→ Aim of the task
Please transcribe the data below in full, word for word, without the images.

== Data

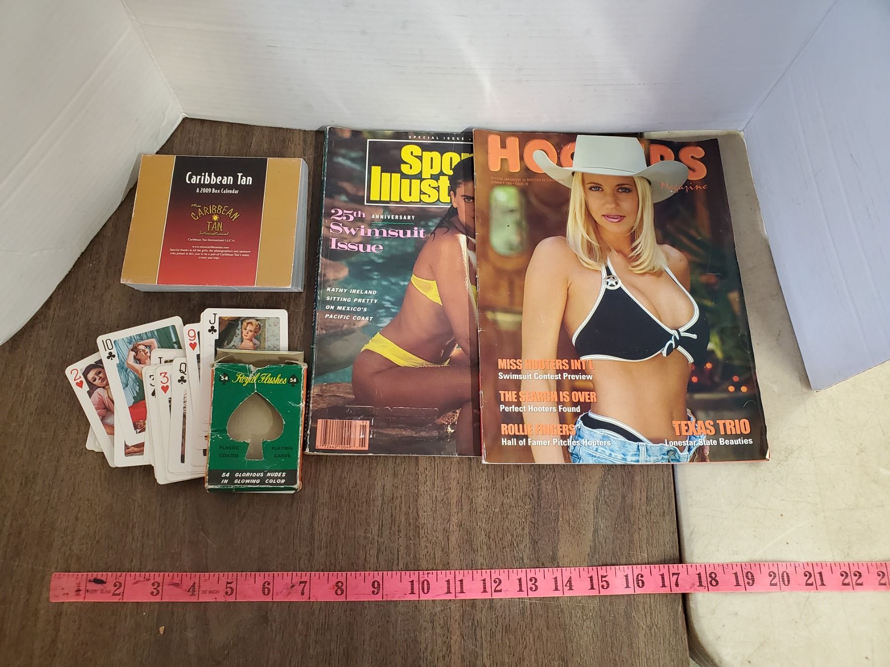 ADULT PLAYING CARDS + 2009 PIN UP CALENDAR W/ HOOTERS & SWIMSUIT ILLUSTRATED MAGAZINES
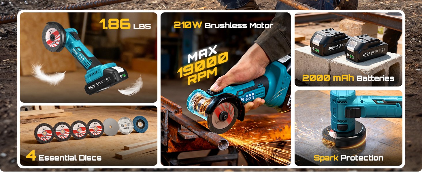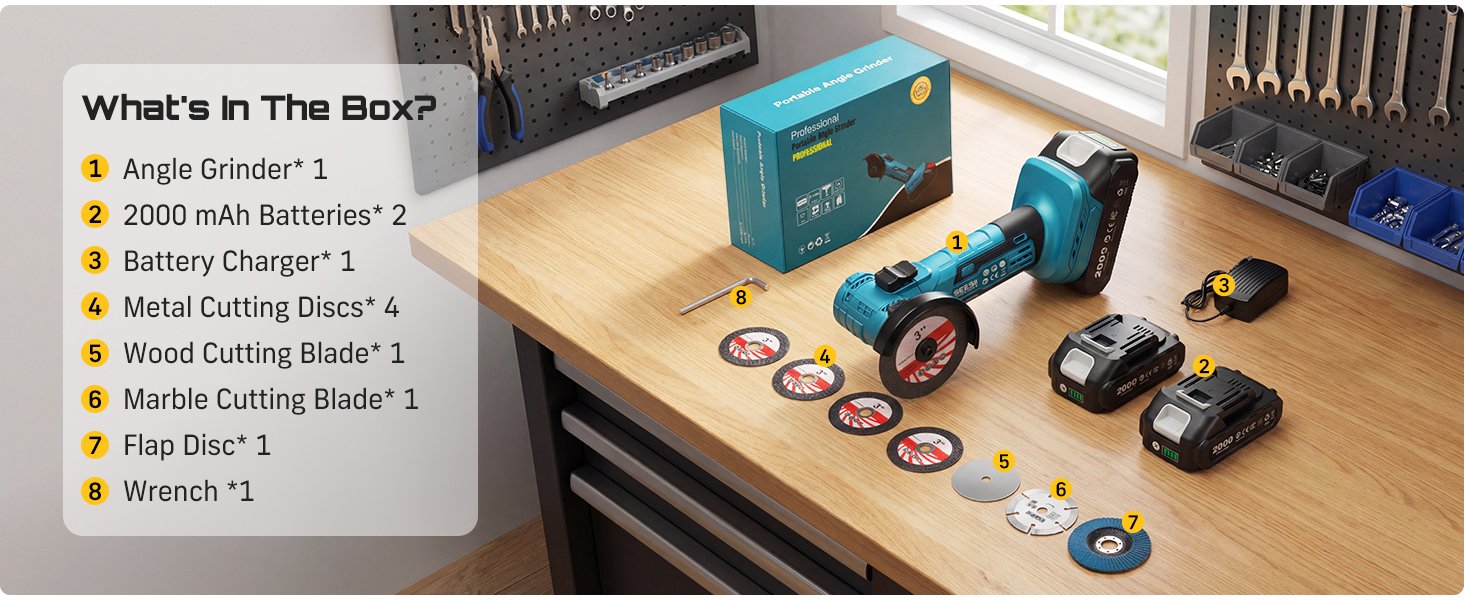 | 1 × SEESII 3-Inch Cordless Mini Angle Grinder |
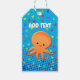 Um polvo de desenho laranja giro. Etiquetas decorativas para bebês animais. Editar texto para personalizar estas marcas. Vazio atrás para mensagens escritas à mão. Ideia de presente para crianças.
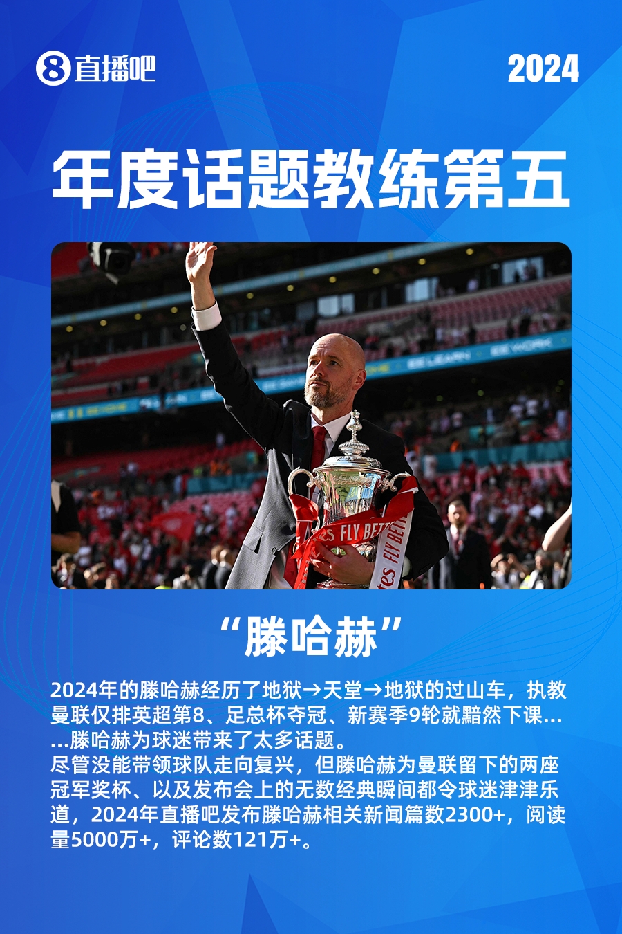 盡管沒能帶領(lǐng)球隊走向復興,但滕哈赫為曼聯(lián)留下的兩座冠軍獎杯、以及發(fā)布會上的無數(shù)經(jīng)典瞬間都令球迷津津樂道,2024年發(fā)布滕哈赫相關(guān)新聞2300+,閱讀量5000萬+,評論數(shù)121萬+。

====

→ Response area
 ADULT PLAYING CARDS + 2009 PIN UP CALENDAR W/ HOOTERS & SWIMSUIT ILLUSTRATED MAGAZINES
 | 1 × SEESII 3-Inch Cordless Mini Angle Grinder |
 Um polvo de desenho laranja giro. Etiquetas decorativas para bebês animais. Editar texto para personalizar estas marcas. Vazio atrás para mensagens escritas à mão. Ideia de presente para crianças.
 盡管沒能帶領(lǐng)球隊走向復興,但滕哈赫為曼聯(lián)留下的兩座冠軍獎杯、以及發(fā)布會上的無數(shù)經(jīng)典瞬間都令球迷津津樂道,2024年發(fā)布滕哈赫相關(guān)新聞2300+,閱讀量5000萬+,評論數(shù)121萬+。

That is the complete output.